-- Given information follows --

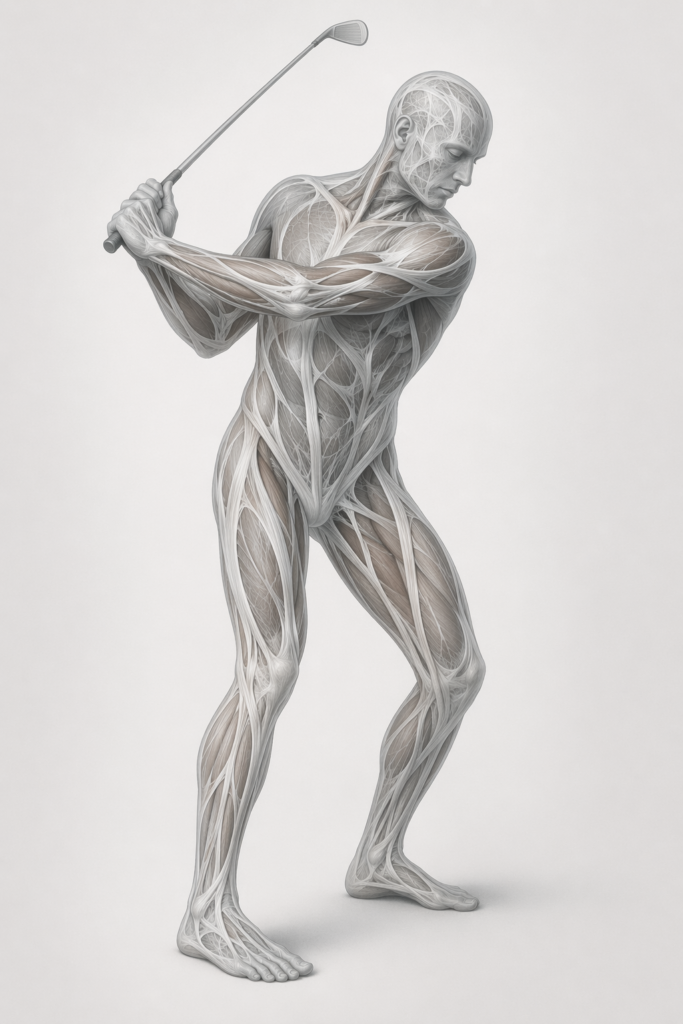 Fascia is the connective tissue web that surrounds and connects every muscle, bone, nerve, and organ in your body. When healthy it’s fluid, flexible, and largely invisible to you.
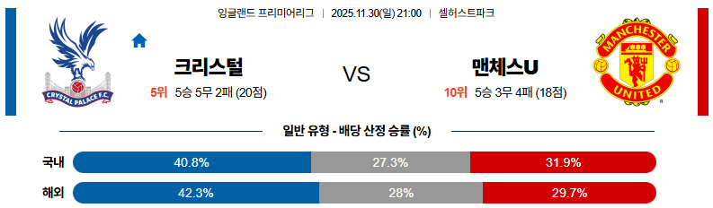 11월30일 크리스탈팰리스:맨체스터유나이티드 프리미어리그 분석 및 예측 스포츠중계:스포츠무료중계
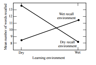 Wet recall environment)接受單字回憶測驗,結果顯示如下圖,請說明此一研究的主

-- Given information concluded --

Work item
Please return the listing above exactly and leave every picture out.

Exercise response
 Fascia is the connective tissue web that surrounds and connects every muscle, bone, nerve, and organ in your body. When healthy it’s fluid, flexible, and largely invisible to you.
 11월30일 크리스탈팰리스:맨체스터유나이티드 프리미어리그 분석 및 예측 스포츠중계:스포츠무료중계
 Wet recall environment)接受單字回憶測驗,結果顯示如下圖,請說明此一研究的主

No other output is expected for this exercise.